____ RAW DATA

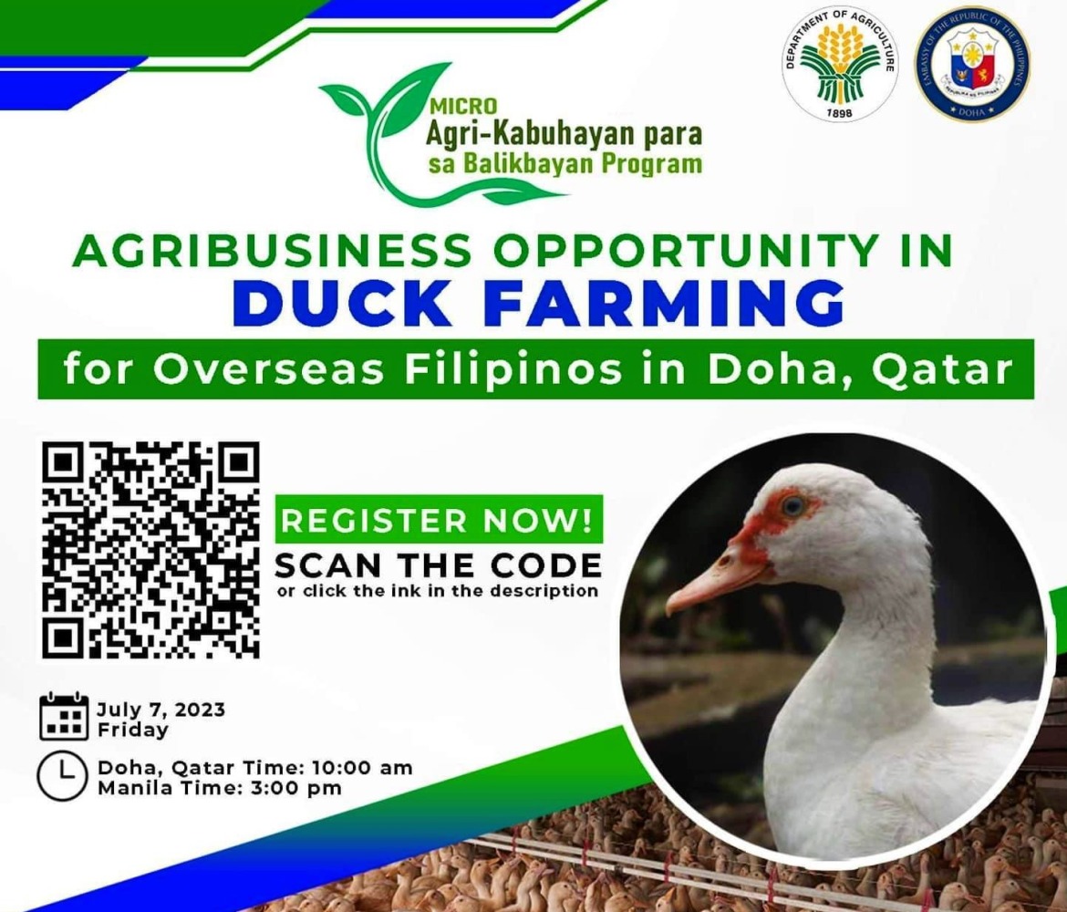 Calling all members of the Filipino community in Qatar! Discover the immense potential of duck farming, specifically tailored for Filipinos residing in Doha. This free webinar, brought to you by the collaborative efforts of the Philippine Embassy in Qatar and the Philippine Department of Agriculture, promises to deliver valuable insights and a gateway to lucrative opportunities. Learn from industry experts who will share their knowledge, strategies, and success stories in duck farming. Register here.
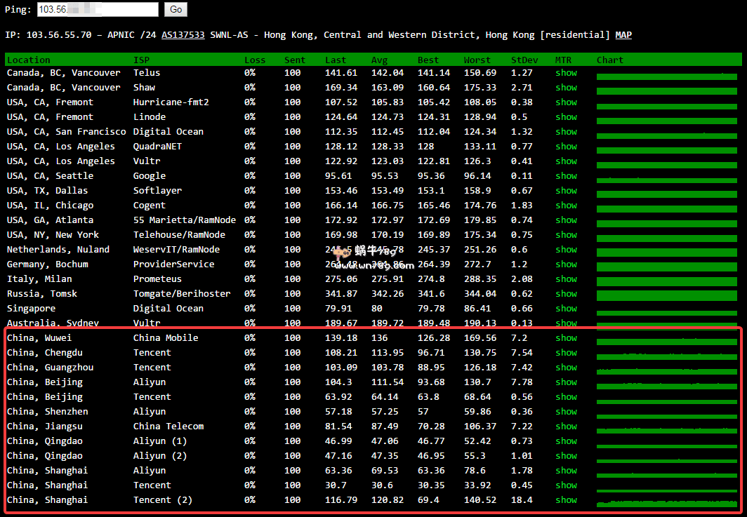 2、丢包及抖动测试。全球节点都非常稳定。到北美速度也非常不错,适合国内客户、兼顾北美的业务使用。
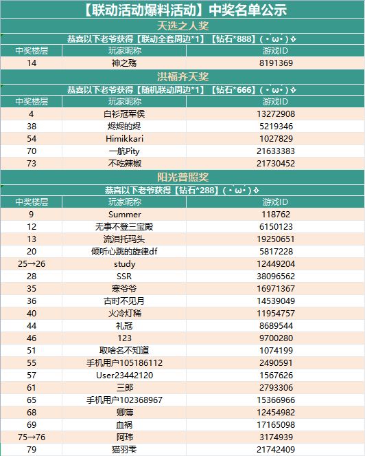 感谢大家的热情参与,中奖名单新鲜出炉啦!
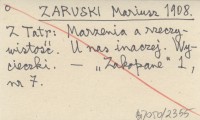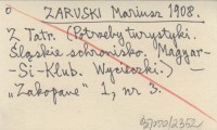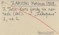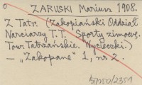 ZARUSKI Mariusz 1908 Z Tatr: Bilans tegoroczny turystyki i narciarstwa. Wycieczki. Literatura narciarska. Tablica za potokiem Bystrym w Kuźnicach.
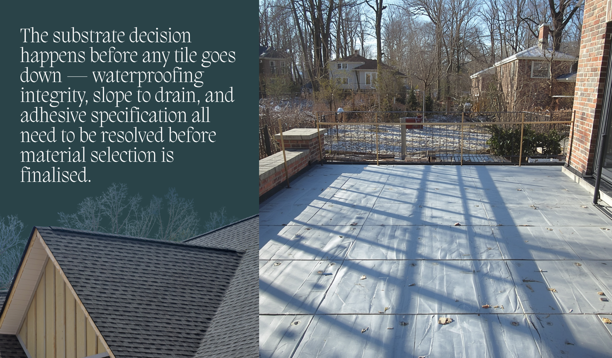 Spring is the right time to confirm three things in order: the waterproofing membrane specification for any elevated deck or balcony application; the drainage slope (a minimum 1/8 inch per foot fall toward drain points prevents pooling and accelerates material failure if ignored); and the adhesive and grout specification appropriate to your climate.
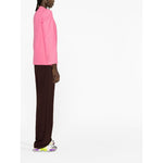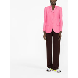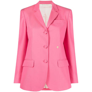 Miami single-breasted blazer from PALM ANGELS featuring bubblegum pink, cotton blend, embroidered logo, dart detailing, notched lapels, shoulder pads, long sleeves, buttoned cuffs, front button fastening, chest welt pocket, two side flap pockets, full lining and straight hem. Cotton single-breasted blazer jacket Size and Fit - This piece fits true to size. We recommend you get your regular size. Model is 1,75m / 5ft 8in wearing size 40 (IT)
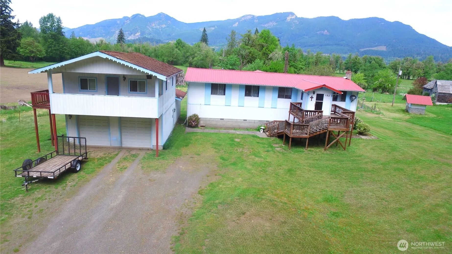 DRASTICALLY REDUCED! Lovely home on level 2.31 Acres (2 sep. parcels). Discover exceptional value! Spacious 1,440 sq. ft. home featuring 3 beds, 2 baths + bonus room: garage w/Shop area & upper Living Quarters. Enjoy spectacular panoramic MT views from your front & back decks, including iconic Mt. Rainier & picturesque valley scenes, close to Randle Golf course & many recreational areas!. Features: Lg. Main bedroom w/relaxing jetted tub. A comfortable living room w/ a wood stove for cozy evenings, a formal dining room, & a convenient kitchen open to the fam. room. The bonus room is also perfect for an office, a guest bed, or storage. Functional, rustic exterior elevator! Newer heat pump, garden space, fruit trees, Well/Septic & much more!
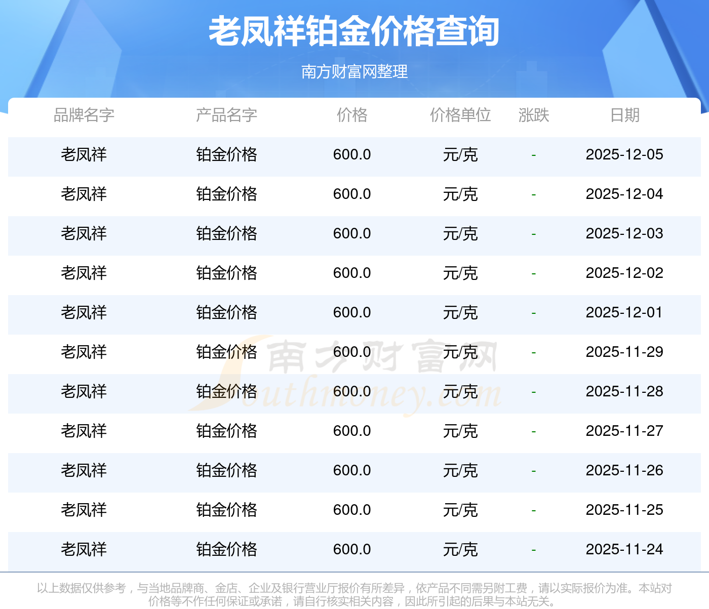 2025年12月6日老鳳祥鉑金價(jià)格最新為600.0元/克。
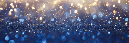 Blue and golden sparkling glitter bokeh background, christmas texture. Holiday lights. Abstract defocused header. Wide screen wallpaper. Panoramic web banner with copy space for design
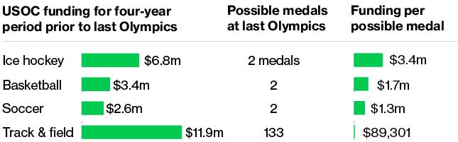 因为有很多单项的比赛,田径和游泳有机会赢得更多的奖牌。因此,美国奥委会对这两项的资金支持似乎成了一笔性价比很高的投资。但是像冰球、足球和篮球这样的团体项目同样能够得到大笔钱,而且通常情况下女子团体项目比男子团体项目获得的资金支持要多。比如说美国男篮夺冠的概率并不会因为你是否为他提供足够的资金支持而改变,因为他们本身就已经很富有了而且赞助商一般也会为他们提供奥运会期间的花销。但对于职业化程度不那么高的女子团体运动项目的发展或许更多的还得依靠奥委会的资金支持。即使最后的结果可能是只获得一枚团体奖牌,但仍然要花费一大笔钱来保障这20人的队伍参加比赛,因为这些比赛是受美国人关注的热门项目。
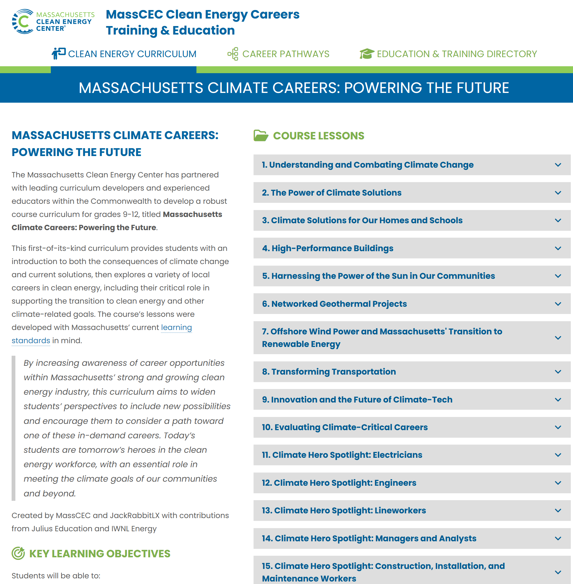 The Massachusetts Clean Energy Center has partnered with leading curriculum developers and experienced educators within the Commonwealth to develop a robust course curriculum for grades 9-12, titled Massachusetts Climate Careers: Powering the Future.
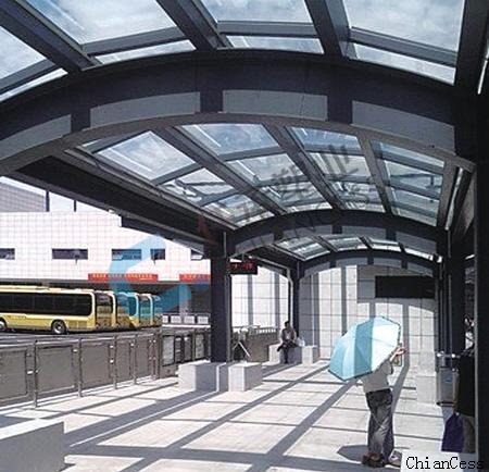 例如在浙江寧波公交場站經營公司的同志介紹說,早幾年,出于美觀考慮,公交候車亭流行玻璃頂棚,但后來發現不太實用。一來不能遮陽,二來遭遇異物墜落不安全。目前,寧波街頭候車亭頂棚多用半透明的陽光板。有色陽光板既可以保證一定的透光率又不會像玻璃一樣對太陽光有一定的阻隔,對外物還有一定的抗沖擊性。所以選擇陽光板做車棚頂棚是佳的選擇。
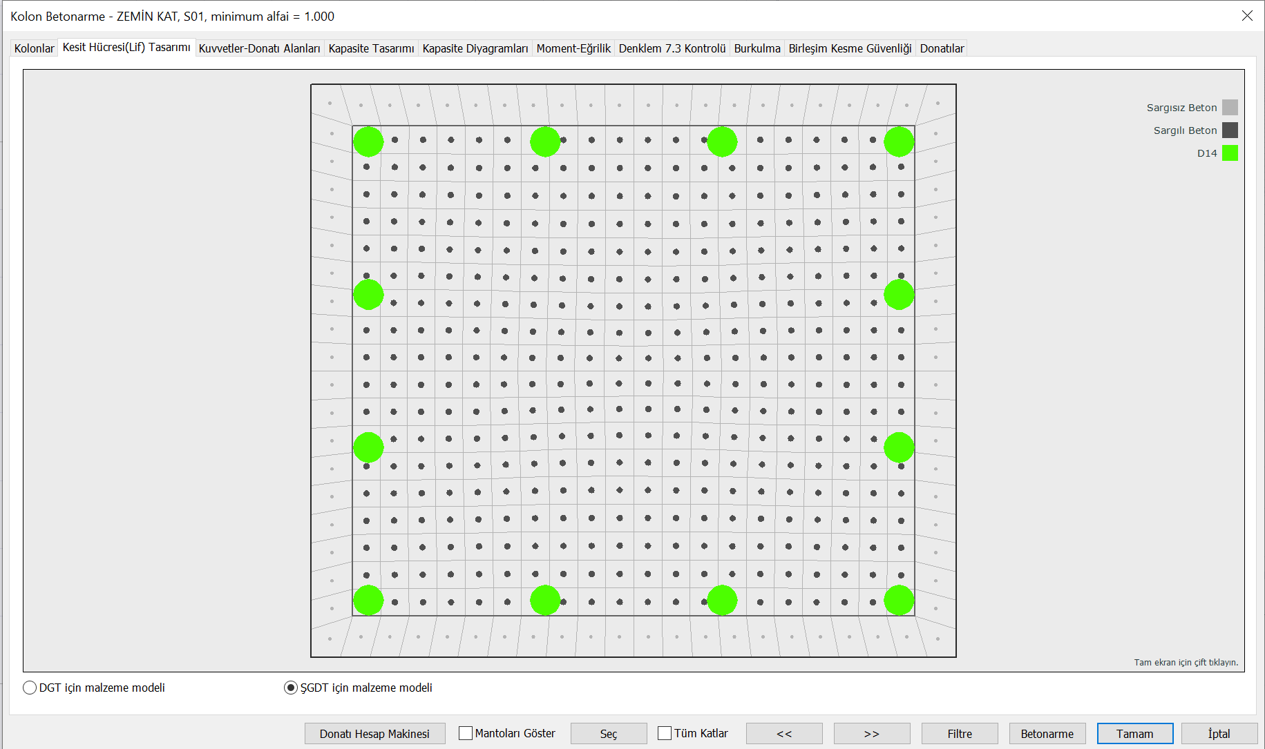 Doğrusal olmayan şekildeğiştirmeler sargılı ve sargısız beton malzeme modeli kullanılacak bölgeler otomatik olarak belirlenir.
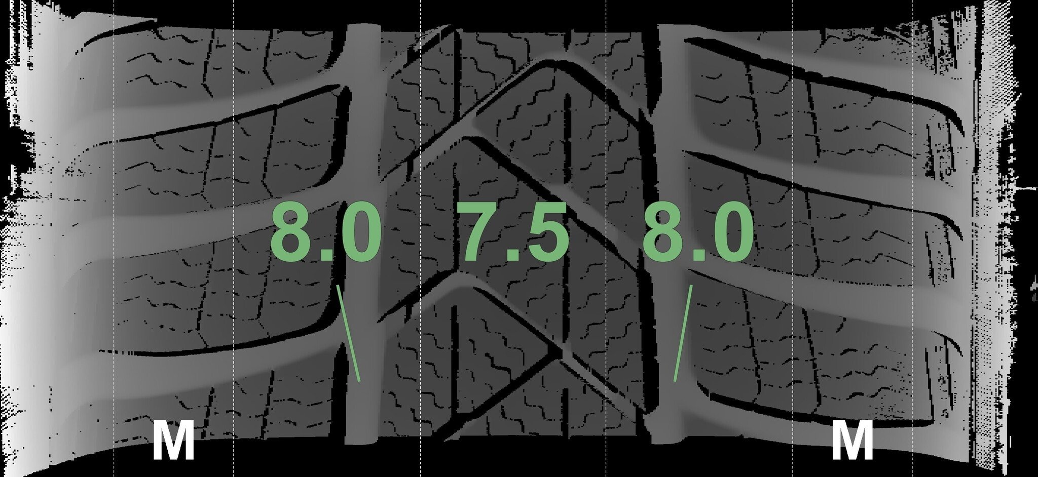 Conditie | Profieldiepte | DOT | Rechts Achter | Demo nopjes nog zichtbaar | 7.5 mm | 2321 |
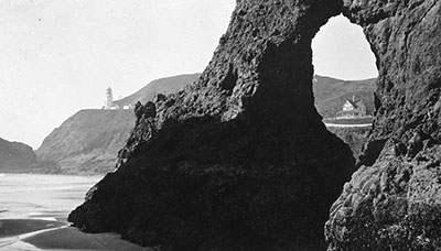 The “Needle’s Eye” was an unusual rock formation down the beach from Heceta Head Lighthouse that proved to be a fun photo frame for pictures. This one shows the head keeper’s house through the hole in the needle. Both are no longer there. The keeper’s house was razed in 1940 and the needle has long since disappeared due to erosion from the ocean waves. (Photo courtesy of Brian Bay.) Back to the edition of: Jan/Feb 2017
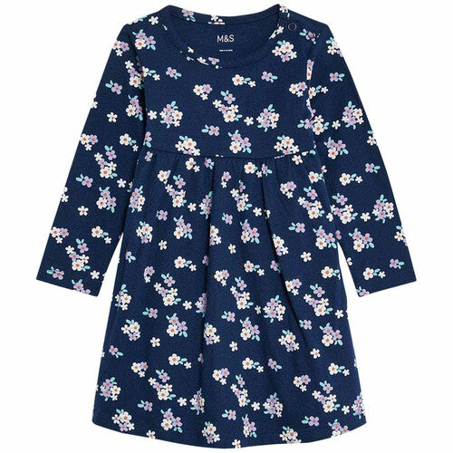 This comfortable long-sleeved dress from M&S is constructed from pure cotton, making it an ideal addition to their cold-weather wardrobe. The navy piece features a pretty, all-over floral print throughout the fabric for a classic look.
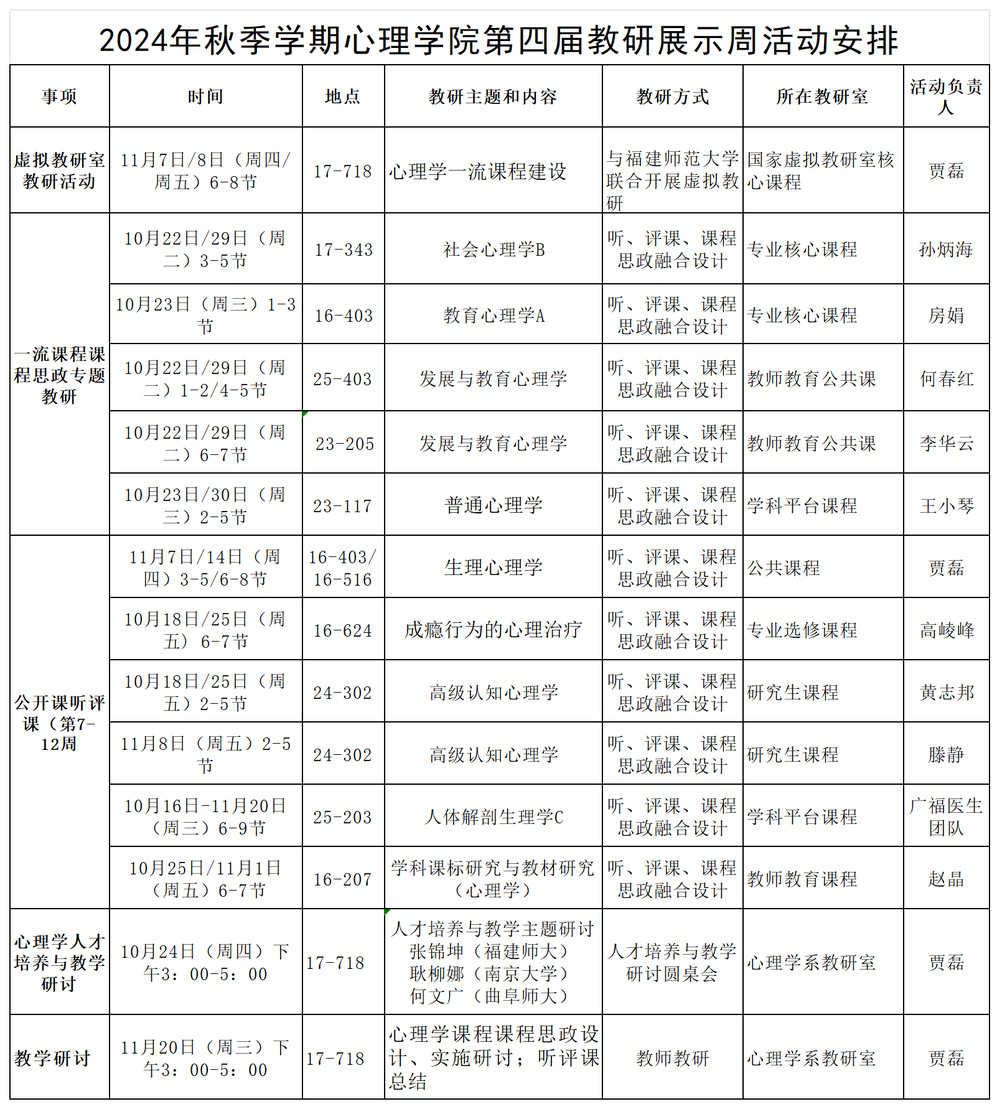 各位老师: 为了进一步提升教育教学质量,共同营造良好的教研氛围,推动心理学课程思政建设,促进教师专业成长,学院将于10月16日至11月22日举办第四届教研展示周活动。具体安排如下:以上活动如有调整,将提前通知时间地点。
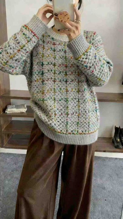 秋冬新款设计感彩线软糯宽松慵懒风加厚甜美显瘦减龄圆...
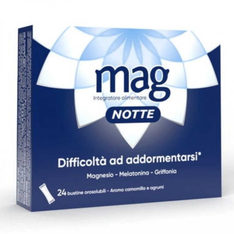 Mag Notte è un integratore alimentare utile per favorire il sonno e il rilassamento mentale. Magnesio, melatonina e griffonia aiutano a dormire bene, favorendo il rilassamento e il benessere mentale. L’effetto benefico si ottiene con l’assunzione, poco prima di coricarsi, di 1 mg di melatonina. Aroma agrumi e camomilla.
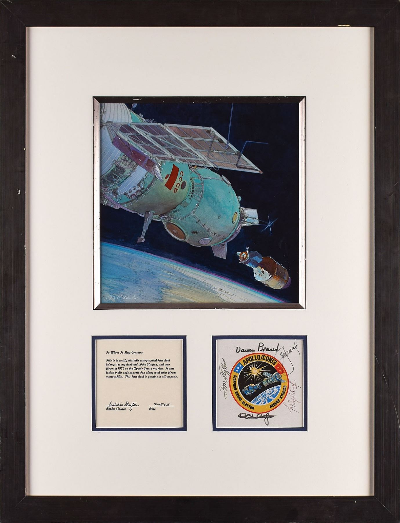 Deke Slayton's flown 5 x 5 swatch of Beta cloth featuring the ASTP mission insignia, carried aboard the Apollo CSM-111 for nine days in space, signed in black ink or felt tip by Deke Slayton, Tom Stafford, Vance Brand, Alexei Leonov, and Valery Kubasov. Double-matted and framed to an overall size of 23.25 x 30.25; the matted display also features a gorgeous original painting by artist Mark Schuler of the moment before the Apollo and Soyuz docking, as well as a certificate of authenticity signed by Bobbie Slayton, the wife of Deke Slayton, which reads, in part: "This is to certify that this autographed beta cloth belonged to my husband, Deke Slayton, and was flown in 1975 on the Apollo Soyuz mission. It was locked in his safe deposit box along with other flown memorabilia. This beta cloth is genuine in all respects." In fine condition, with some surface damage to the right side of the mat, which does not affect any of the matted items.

________

Write back word for word every line in the entries above from the one with "This comfortable long-sleeved" to the one with "秋冬新款设计感彩线软糯宽松慵懒风加厚甜美显瘦减龄圆...", ends included, and none of the pictures.

 This comfortable long-sleeved dress from M&S is constructed from pure cotton, making it an ideal addition to their cold-weather wardrobe. The navy piece features a pretty, all-over floral print throughout the fabric for a classic look.
 各位老师: 为了进一步提升教育教学质量,共同营造良好的教研氛围,推动心理学课程思政建设,促进教师专业成长,学院将于10月16日至11月22日举办第四届教研展示周活动。具体安排如下:以上活动如有调整,将提前通知时间地点。
 秋冬新款设计感彩线软糯宽松慵懒风加厚甜美显瘦减龄圆...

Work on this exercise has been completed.